COLLECTED MATERIAL →
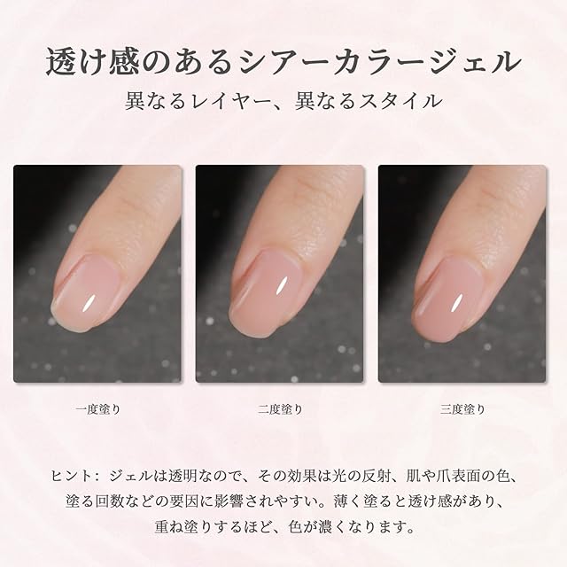 emigoro ジェルネイル シアーカラー カラージェル ベージュ ピンク 透け感 シアーカラージェル ポリッシュ 10ml/本 初心者&プロ適用 UV/LED対応 6色セット | BASE LINE
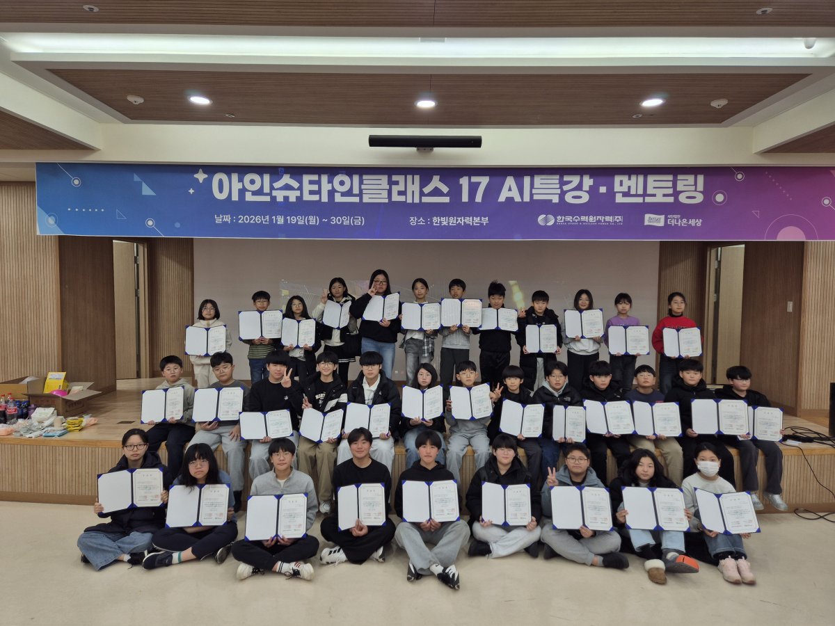 (사)더나은세상이 주관하고 ㈜한국수력원자력과 함께한 AI 교육 멘토링 프로그램 「2026 아인슈타인클래스 17기」가 성과공유회를 끝으로 성공적으로 마무리되었습니다.
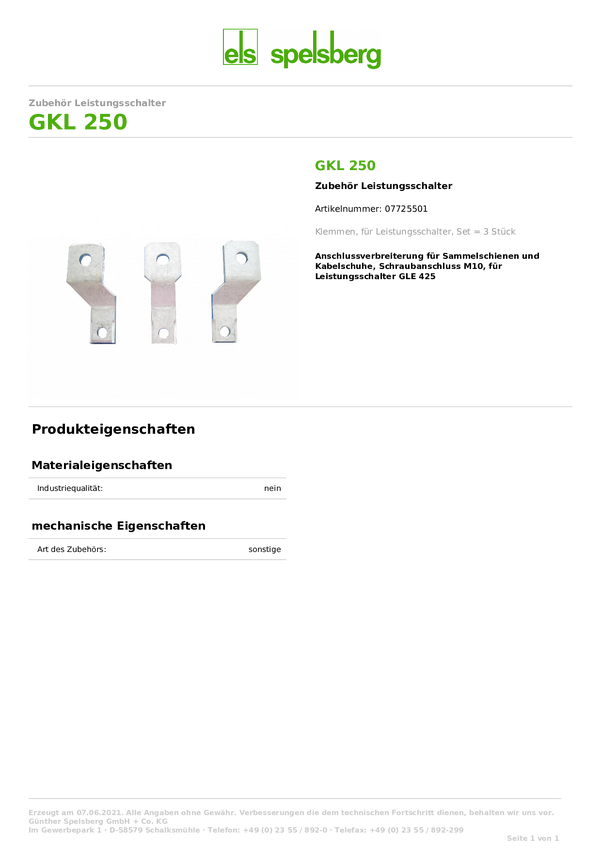 Blok zaciskowy Spelsberg GKL 250 1 szt.
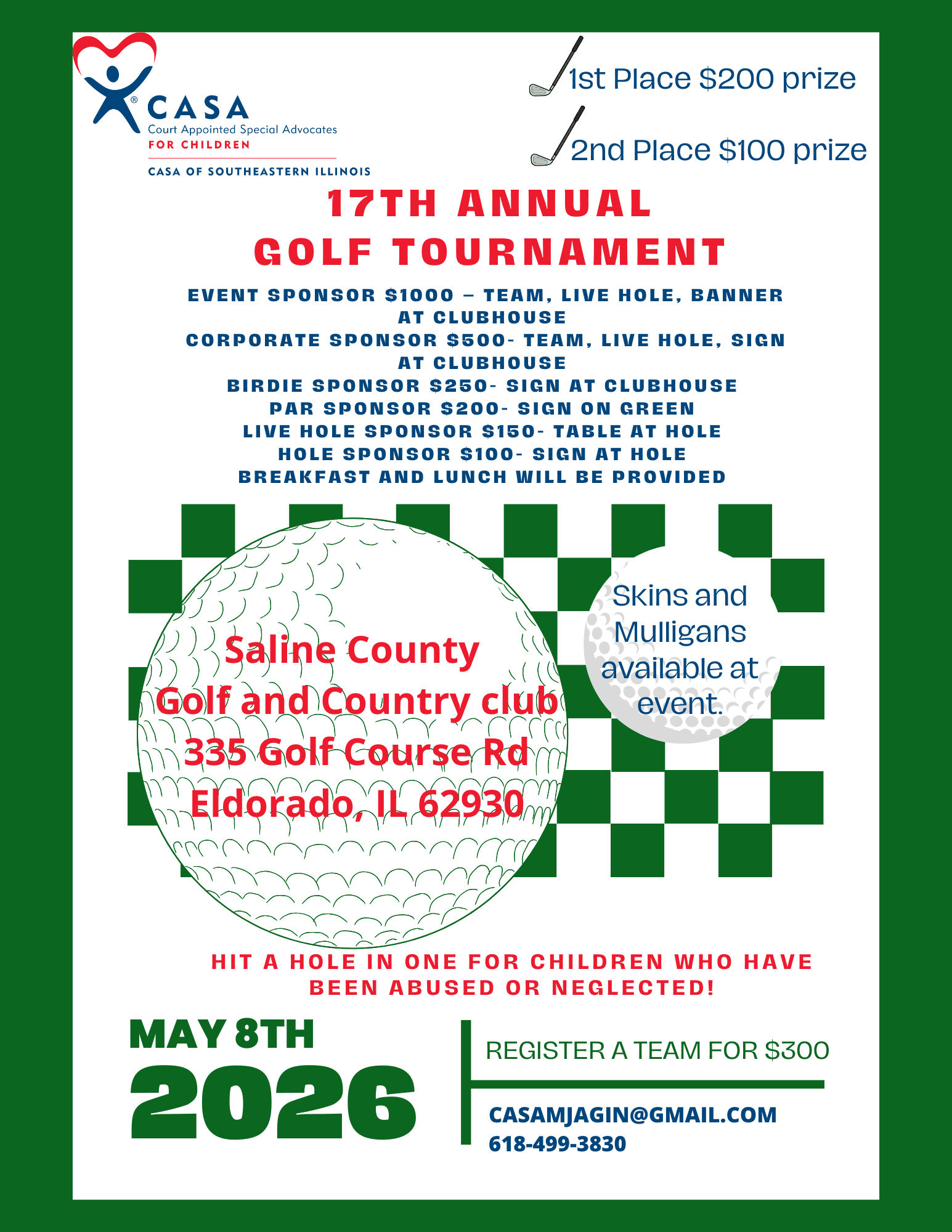 As you may well be aware, each year hundreds of children are abused and neglected. This is why we are teaming up together to help raise funds for CASA of Southeastern Illinois (previouslyCASA of Saline County). It is very important to be able to provide each child who has been abused or neglected with a voice in our judicial system. We ask that you support the ongoing efforts to make sure each child’s voice is heard. We are hosting the Seventeenth annual golf tournament to be held on May 8,2026 at the Saline County Country and Golf Club benefitting CASA of Southeastern Illinois. We look forward to seeing you there and thank you in advance for your support.

ACTIVITY → Each line from the one with "Blok zaciskowy Spelsberg GKL 250 1 szt." to the final line of the data above is to be printed exactly; no picture should appear in the copy.

RESPONSE AREA →
 Blok zaciskowy Spelsberg GKL 250 1 szt.
 As you may well be aware, each year hundreds of children are abused and neglected. This is why we are teaming up together to help raise funds for CASA of Southeastern Illinois (previouslyCASA of Saline County). It is very important to be able to provide each child who has been abused or neglected with a voice in our judicial system. We ask that you support the ongoing efforts to make sure each child’s voice is heard. We are hosting the Seventeenth annual golf tournament to be held on May 8,2026 at the Saline County Country and Golf Club benefitting CASA of Southeastern Illinois. We look forward to seeing you there and thank you in advance for your support.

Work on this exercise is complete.